> _Input records_:
=-=-=-=-=
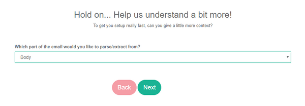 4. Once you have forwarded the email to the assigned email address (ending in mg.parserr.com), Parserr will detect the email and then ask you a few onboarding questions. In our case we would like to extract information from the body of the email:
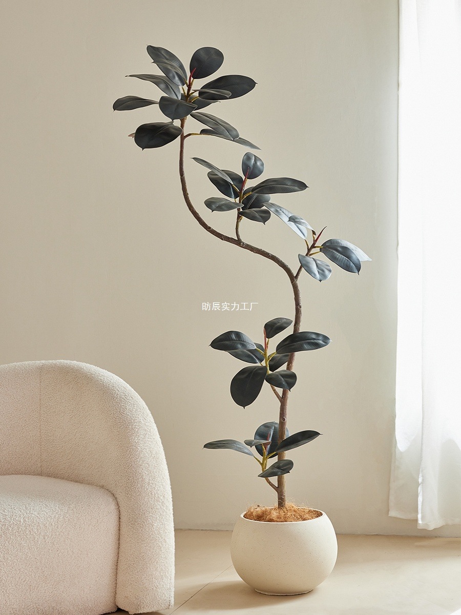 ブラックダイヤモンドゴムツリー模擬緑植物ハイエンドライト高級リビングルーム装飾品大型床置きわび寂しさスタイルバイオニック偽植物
=-=-=-=-=
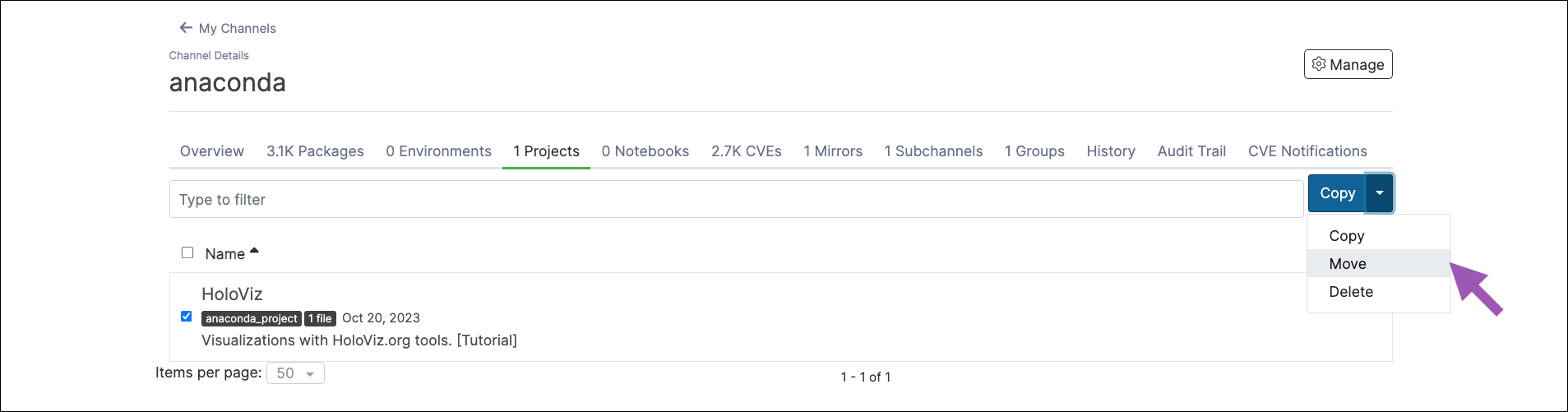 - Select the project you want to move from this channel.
=-=-=-=-=
> _Instructions for the task_: The material above holds pictures; leave them out and set down exactly the lines from the line with "4. Once you" to the line with "ブラックダイヤモンドゴムツリ", both included.

> _Exercise result_:
 4. Once you have forwarded the email to the assigned email address (ending in mg.parserr.com), Parserr will detect the email and then ask you a few onboarding questions. In our case we would like to extract information from the body of the email:
 ブラックダイヤモンドゴムツリー模擬緑植物ハイエンドライト高級リビングルーム装飾品大型床置きわび寂しさスタイルバイオニック偽植物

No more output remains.